The Church of England General Synod voted against allowing women bishops in what the Archbishop of Canterbury called "a missed opportunity".
Today's debate on female bishops is painfully slow but shows the determination of the Church to build consensus and respect their community.
Labour MP for Durham City Roberta Blackman Woods, Conservative MP for Torridge and West Devon Geoffrey Cox and Liberal Democrat MP for St Austell and Newquay Stephen Gilbert have tweeted:
V disappointed by Church of Eng vote on women bishops Hope Justin Welby can make progress & correct this wrong unrepresentative vote #Synod
Synod decision is the democratic and legitimate expression of the government of the church and should be respected even if we disagree.
Church of England seems to be taking Wilde's advice the wrong way around - doesn't want those who want to be members #LostThePlot
"One speaker said, as if it mattered: "I don't believe that this is legislation that will allow the world to look at the church tonight and see Jesus Christ"; and no one pointed out that back on planet earth, the world will look at the church today and say: 'Jesus Christ!'"
"The decision is remarkable but understandable given the Anglican Church's paralysis.

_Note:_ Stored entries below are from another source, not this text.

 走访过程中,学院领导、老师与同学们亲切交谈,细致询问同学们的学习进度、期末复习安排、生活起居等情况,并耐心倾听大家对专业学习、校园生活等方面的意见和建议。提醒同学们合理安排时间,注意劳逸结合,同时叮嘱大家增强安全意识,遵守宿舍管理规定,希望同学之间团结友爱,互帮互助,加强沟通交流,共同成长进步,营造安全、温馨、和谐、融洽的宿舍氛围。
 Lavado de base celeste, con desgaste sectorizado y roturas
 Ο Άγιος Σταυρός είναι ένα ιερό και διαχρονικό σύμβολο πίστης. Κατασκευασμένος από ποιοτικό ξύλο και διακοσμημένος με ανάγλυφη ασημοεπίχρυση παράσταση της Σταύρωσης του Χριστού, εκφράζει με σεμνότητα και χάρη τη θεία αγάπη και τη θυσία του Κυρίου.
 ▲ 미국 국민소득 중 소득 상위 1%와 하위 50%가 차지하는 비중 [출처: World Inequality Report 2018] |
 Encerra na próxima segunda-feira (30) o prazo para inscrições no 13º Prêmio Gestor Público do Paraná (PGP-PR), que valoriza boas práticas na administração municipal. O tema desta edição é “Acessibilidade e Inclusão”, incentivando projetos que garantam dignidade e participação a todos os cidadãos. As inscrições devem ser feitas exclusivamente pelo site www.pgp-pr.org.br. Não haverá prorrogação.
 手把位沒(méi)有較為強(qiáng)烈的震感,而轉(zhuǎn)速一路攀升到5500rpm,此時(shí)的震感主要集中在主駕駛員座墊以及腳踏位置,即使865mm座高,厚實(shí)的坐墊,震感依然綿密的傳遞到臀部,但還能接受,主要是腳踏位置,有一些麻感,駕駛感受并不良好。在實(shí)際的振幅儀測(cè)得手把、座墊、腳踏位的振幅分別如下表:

On the one hand, it has become the Labour Party at prayer – fixated on equality. On the other, its obsession with showing respect to conservatives means that it cannot commit to its own egalitarian principles."
"Yesterday was a sad and shameful day for the Church of England and therefore for the country of which it is the established religion. It took 12 years of deliberation and prayer for the Church to arrive at its decision on appointing women as bishops, and yet it got that decision dreadfully wrong."

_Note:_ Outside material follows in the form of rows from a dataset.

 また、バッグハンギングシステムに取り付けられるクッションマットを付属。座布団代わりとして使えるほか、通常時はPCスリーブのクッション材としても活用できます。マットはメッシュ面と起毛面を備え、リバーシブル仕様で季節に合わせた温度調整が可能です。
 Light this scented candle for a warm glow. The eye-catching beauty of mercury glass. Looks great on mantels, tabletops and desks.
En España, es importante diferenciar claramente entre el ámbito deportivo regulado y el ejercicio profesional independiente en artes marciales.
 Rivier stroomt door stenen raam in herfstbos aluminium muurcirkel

The Revd Canon Dr Giles Fraser, former Canon Chancellor of St Paul's Cathedral, said of today's result:
The Church of England has become a national disgrace.
Archbishop of Canterbury Dr Rowan Williams said he "can well understand that feeling of rejection and unhappiness" that women may be feeling towards the institutional Church after today's result.

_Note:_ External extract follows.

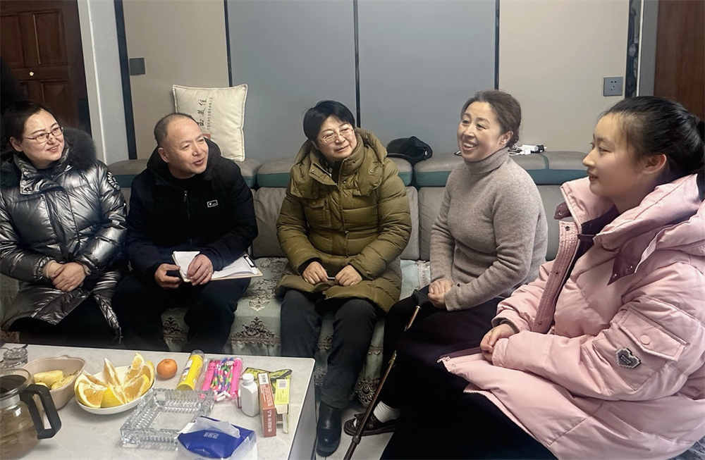 交谈中,苏玉新前辈还回忆起曾经工作中难忘的点滴故事,那时工作期间兢兢业业、勤勤恳恳,不计较个人得失,一心扑在工作上。回忆起那段艰苦岁月,苏玉新不禁红了眼眶,她说:那时候寒冬腊月,我们每个人心里都像燃了一团火一样干工作。她还寄语年轻教师,干工作要不怕吃苦,要有敢于战天斗地的精神,在那个年代,都没有翻不过去的雪山,现在的生活越来越好,更要为孩子们、为咱们的家乡贡献力量。在深入了解退休教师的生活近况后,校领导们反复叮嘱老前辈要保重身体,更欢迎老前辈有机会回学校看看。
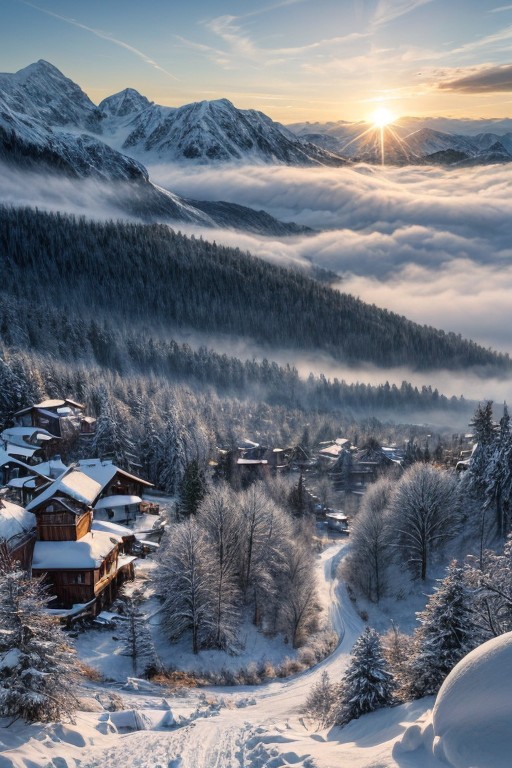 landscape, magic village in mountains, snow, snowing, morning haze, winter, sunlight,

Rev Prebendary Rod Thomas, the chairman of the conservative evangelical grouping Reform - which recommended a no vote - concluded the General Synod's decision on women bishops is "very good news for the Church of England".
The Plymouth vicar said, "We have avoided what could have been a disastrous mistake for our unity and witness".
The defeat came in spite of a series of appeals from senior Bishops in the Church for the Synod to back final approval for the legislation.
Sources close to Culture Secretary Maria Miller said tonight:
Whilst this is a matter for the church, its very disappointing.
As we seek to help women fulfil their potential throughout society this ruling would suggest the church is at the very least behind the times.
Campaign group Together4ward, which was set up by the Church Society to encourage a no vote, said its members are "reflecting on and praying about" the outcome of the General Synod vote.
"We are, however, pleased that Synod has chosen not to pass the Women Bishops Measure in its current form, which we believe would not have allowed the Church to go forward together", it added.
The group said it will make a fuller statement "in due course".
The majority of British people are in favour of the Church of England allowing women to become bishops, according to the latest ITV News Index Poll carried out by ComRes.
Of those people asked:
- 67% voted in favour
- 13% voted against
- 20% said they did not know
ComRes interviewed 2,055 adults online from 16-18 November.